» **Exercise**:
Print out each entry without alteration, and keep the pictures out.

» **Input data**:
****
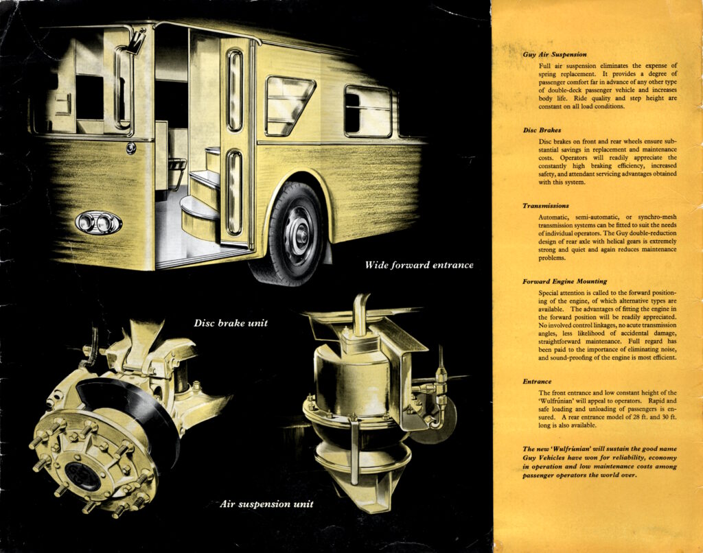 The Wulfrunian was, at it’s launch in 1959, the most advanced passenger vehicle in the world. It featured air suspension and disc brakes at a time when these were not generally applied to bus designs. Sadly, the advances proved to be less reliable than the previous designs, and caused Guy to lose reputation and orders for the Wulfrunian. The cost of the rectifications, and also problems in the South African market eventually led to the companies financial ruin.
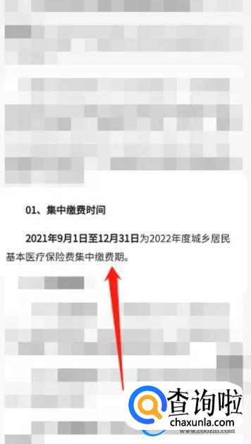 在集中缴费时间下方可以看到,2021年9月1号已经开始集中缴费了,如果你的还不能缴费,则需要到当地居委会查询原因。
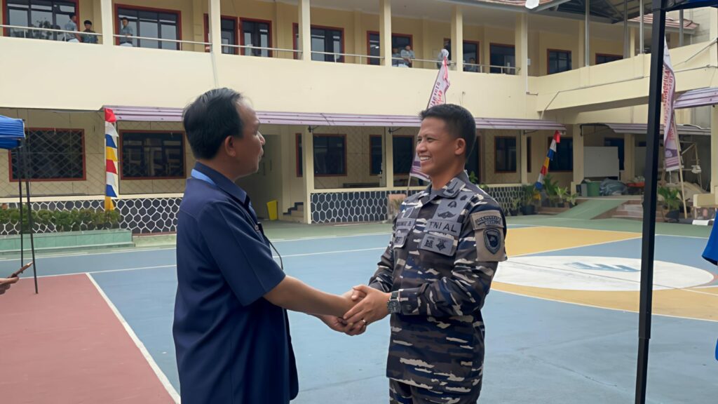 SuaraINetizen –TNI AL, Pen Kormar, Pasmar 1, Prajurit Hiu Perkasa Yonmarhanlan III Jakarta kembali menunjukkan kepedulian terhadap generasi muda dengan melaksanakan Program Makan Bergizi Gratis (MBG) di SMK Hang Tuah 1 Jakarta, Komplek Kodamar, Kelapa Gading, Jakarta Utara. Kegiatan ini dihadiri ratusan siswa dan guru yang antusias menyambut kehadiran para prajurit Korps Marinir TNI AL, Kamis, 25 September 2025.
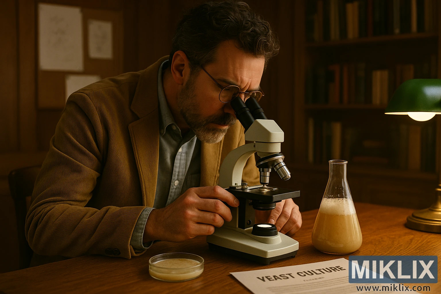 Fotoşəkil elm və rahatlığın bir-birinə qarışdığı, həm çalışqan, həm də cəlbedici bir atmosfer yaradan, hərarətlə işıqlandırılmış akademik mühit təqdim edir. Şəklin mərkəzində mürəkkəb mikroskop altında maya kulturunun tədqiqi kimi vasvası hərəkətə dərindən qarışmış orta yaşlı bir alim oturur. Onun boz rəngli tünd qəhvəyi buruq saçları və səliqəli saxlanmış saqqalı ilə çərçivəyə salınmış sifəti intensiv diqqəti əks etdirir. Dairəvi eynəklər burnunun üstündə dayanır, linzaları yaxınlıqdakı stolüstü lampanın yumşaq parıltısını tutur. Onun bədən dili, aləti diqqətlə tənzimləyən əlləri ilə irəli əyilib, müşahidə etdiyi kiçik canlı dünyaya ehtiramla məhdudlaşan bir fədakarlığı ifadə edir.
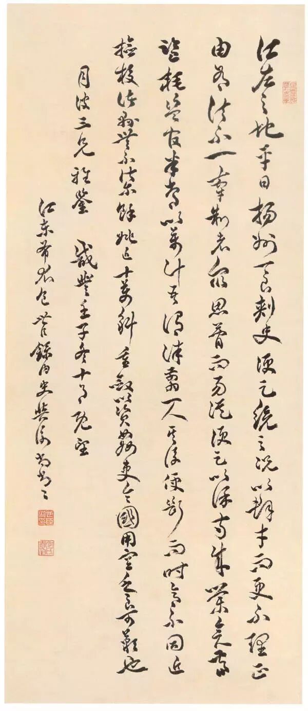 注:王铎,字觉斯。博古好学,精于诗文书画。草书更是天然自成,狂扫媚流,有怀素以来第一人之称。有墨迹多种传世。明亡仕清,故后人多以贰臣诟之。
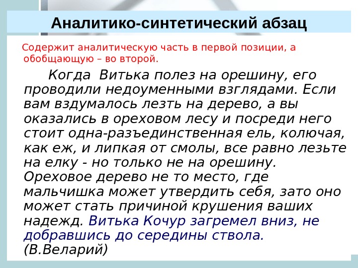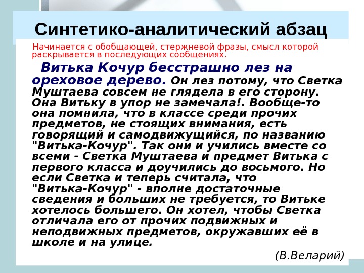 Синтетико-аналитический абзац Начинается с обобщающей, стержневой фразы, смысл которой раскрывается в последующих сообщениях. Витька Кочур бесстрашно лез на ореховое дерево. Он лез потому, что Светка Муштаева совсем не глядела в его сторону. Она Витьку в упор не замечала!. Вообще-то она помнила, что в классе среди прочих предметов, не стоящих внимания, есть говорящий и самодвижущийся, по названию «Витька-Кочур». Так они и учились вместе со всеми — Светка Муштаева и предмет Витька с первого класса и доучились до восьмого. Но если Светка и теперь считала, что «Витька-Кочур» — вполне достаточные сведения и больших не требуется, то Витьке хотелось большего. Он хотел, чтобы Светка отличала его от прочих подвижных и неподвижных предметов, окружавших её в школе и на улице. (В. Веларий)
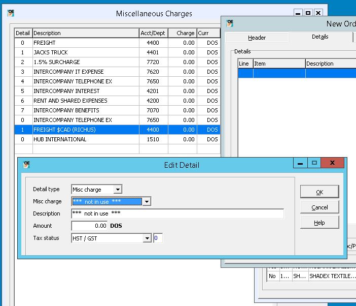 Re: OE 9.2A Misc. charge ***not in use*** problem
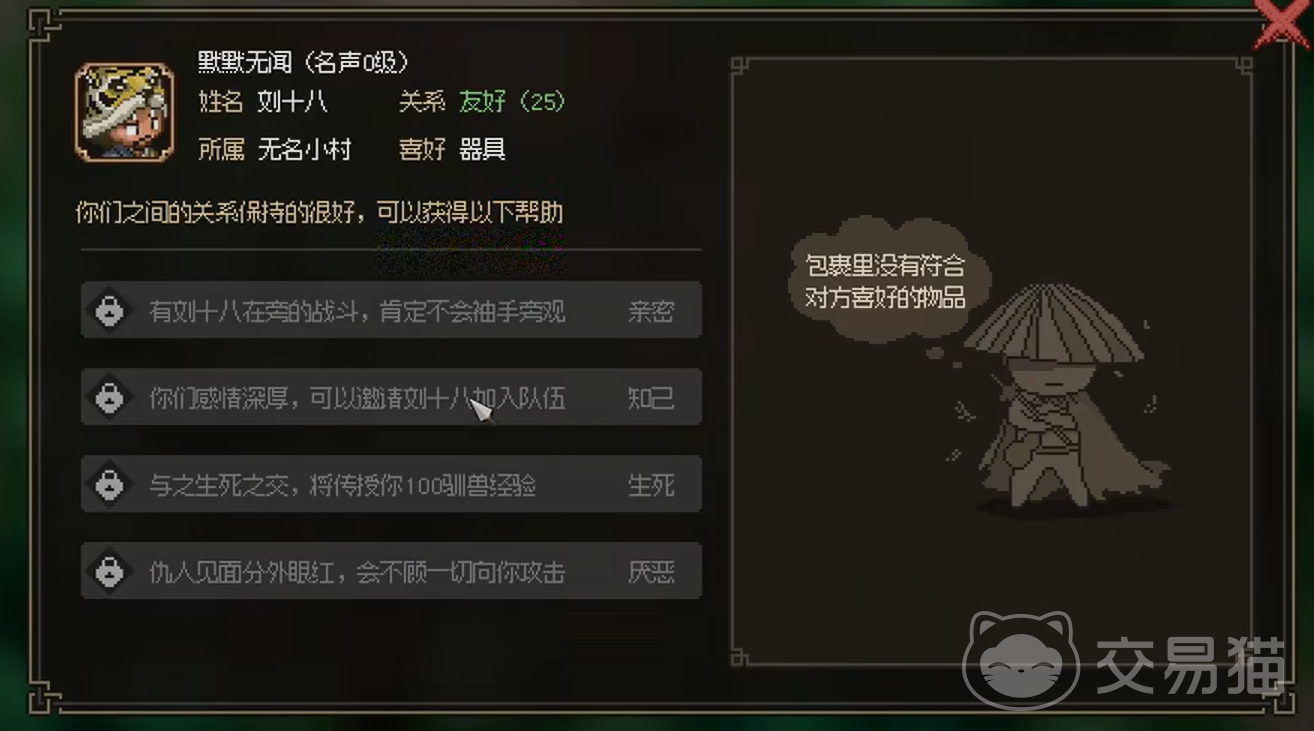 注意避开负面选项,选择前三个选项有助于快速提升好感度。等好感度达到90后,使用灵芝作为礼物,能够显著提升好感度,直至满值,就可以让猎户加入自己的队伍,直接教你学会兽语。
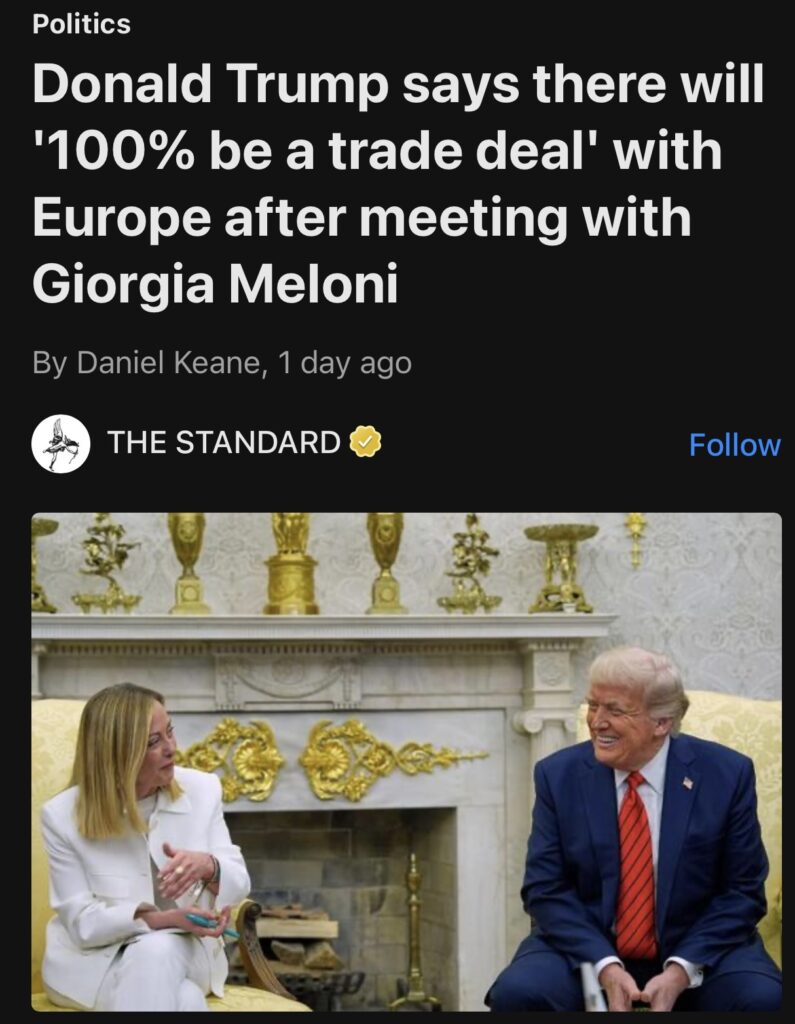 13。据THE STANDARD报道,唐纳德·特朗普与乔治亚·梅洛尼会面后表示,将与欧洲“100%达成贸易协议”。
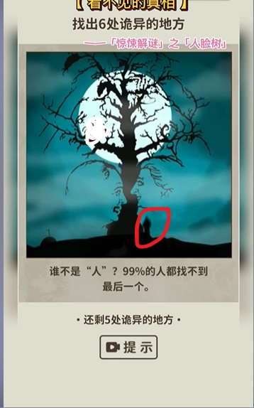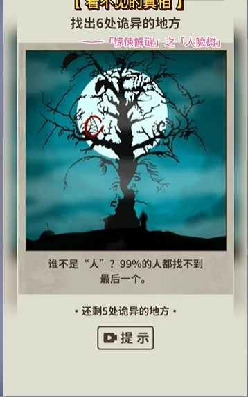 《看不见的真相》人脸树关卡攻略,不少玩家都对这款新推出的悬疑解谜小游戏情有独钟。游戏包含多个关卡,每个关卡都对应着独特的画面场景,玩家需要找出所有隐藏的诡异之处。下面为大家带来该关卡的详细攻略,一起来探索解谜吧!
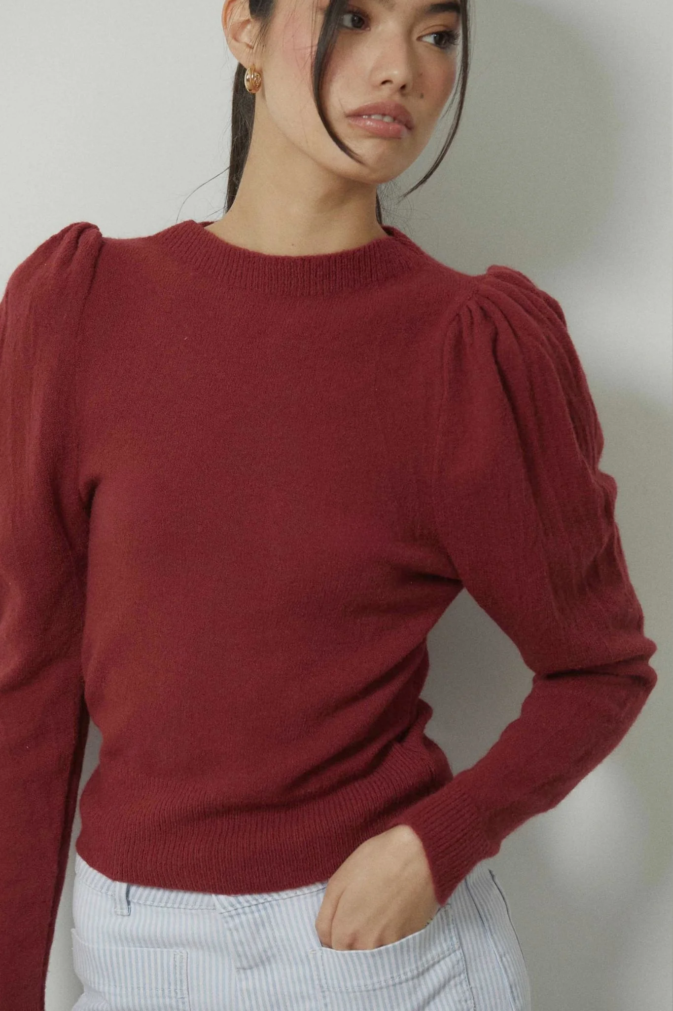 Jersey de punto en color teja con cuello redondo y manga larga tipo farol. Diseño ajustado en el cuerpo con volumen sutil en hombros y mangas, equilibrado por los acabados elásticos en puños y bajo. Una prenda cómoda y favorecedora, pensada para el entretiempo y los primeros looks de primavera.
****
» **Answer for the task**:
 The Wulfrunian was, at it’s launch in 1959, the most advanced passenger vehicle in the world. It featured air suspension and disc brakes at a time when these were not generally applied to bus designs. Sadly, the advances proved to be less reliable than the previous designs, and caused Guy to lose reputation and orders for the Wulfrunian. The cost of the rectifications, and also problems in the South African market eventually led to the companies financial ruin.
 在集中缴费时间下方可以看到,2021年9月1号已经开始集中缴费了,如果你的还不能缴费,则需要到当地居委会查询原因。
 SuaraINetizen –TNI AL, Pen Kormar, Pasmar 1, Prajurit Hiu Perkasa Yonmarhanlan III Jakarta kembali menunjukkan kepedulian terhadap generasi muda dengan melaksanakan Program Makan Bergizi Gratis (MBG) di SMK Hang Tuah 1 Jakarta, Komplek Kodamar, Kelapa Gading, Jakarta Utara. Kegiatan ini dihadiri ratusan siswa dan guru yang antusias menyambut kehadiran para prajurit Korps Marinir TNI AL, Kamis, 25 September 2025.
 Fotoşəkil elm və rahatlığın bir-birinə qarışdığı, həm çalışqan, həm də cəlbedici bir atmosfer yaradan, hərarətlə işıqlandırılmış akademik mühit təqdim edir. Şəklin mərkəzində mürəkkəb mikroskop altında maya kulturunun tədqiqi kimi vasvası hərəkətə dərindən qarışmış orta yaşlı bir alim oturur. Onun boz rəngli tünd qəhvəyi buruq saçları və səliqəli saxlanmış saqqalı ilə çərçivəyə salınmış sifəti intensiv diqqəti əks etdirir. Dairəvi eynəklər burnunun üstündə dayanır, linzaları yaxınlıqdakı stolüstü lampanın yumşaq parıltısını tutur. Onun bədən dili, aləti diqqətlə tənzimləyən əlləri ilə irəli əyilib, müşahidə etdiyi kiçik canlı dünyaya ehtiramla məhdudlaşan bir fədakarlığı ifadə edir.
 注:王铎,字觉斯。博古好学,精于诗文书画。草书更是天然自成,狂扫媚流,有怀素以来第一人之称。有墨迹多种传世。明亡仕清,故后人多以贰臣诟之。
 Синтетико-аналитический абзац Начинается с обобщающей, стержневой фразы, смысл которой раскрывается в последующих сообщениях. Витька Кочур бесстрашно лез на ореховое дерево. Он лез потому, что Светка Муштаева совсем не глядела в его сторону. Она Витьку в упор не замечала!. Вообще-то она помнила, что в классе среди прочих предметов, не стоящих внимания, есть говорящий и самодвижущийся, по названию «Витька-Кочур». Так они и учились вместе со всеми — Светка Муштаева и предмет Витька с первого класса и доучились до восьмого. Но если Светка и теперь считала, что «Витька-Кочур» — вполне достаточные сведения и больших не требуется, то Витьке хотелось большего. Он хотел, чтобы Светка отличала его от прочих подвижных и неподвижных предметов, окружавших её в школе и на улице. (В. Веларий)
 Re: OE 9.2A Misc. charge ***not in use*** problem
 注意避开负面选项,选择前三个选项有助于快速提升好感度。等好感度达到90后,使用灵芝作为礼物,能够显著提升好感度,直至满值,就可以让猎户加入自己的队伍,直接教你学会兽语。
 13。据THE STANDARD报道,唐纳德·特朗普与乔治亚·梅洛尼会面后表示,将与欧洲“100%达成贸易协议”。
 《看不见的真相》人脸树关卡攻略,不少玩家都对这款新推出的悬疑解谜小游戏情有独钟。游戏包含多个关卡,每个关卡都对应着独特的画面场景,玩家需要找出所有隐藏的诡异之处。下面为大家带来该关卡的详细攻略,一起来探索解谜吧!
 Jersey de punto en color teja con cuello redondo y manga larga tipo farol. Diseño ajustado en el cuerpo con volumen sutil en hombros y mangas, equilibrado por los acabados elásticos en puños y bajo. Una prenda cómoda y favorecedora, pensada para el entretiempo y los primeros looks de primavera.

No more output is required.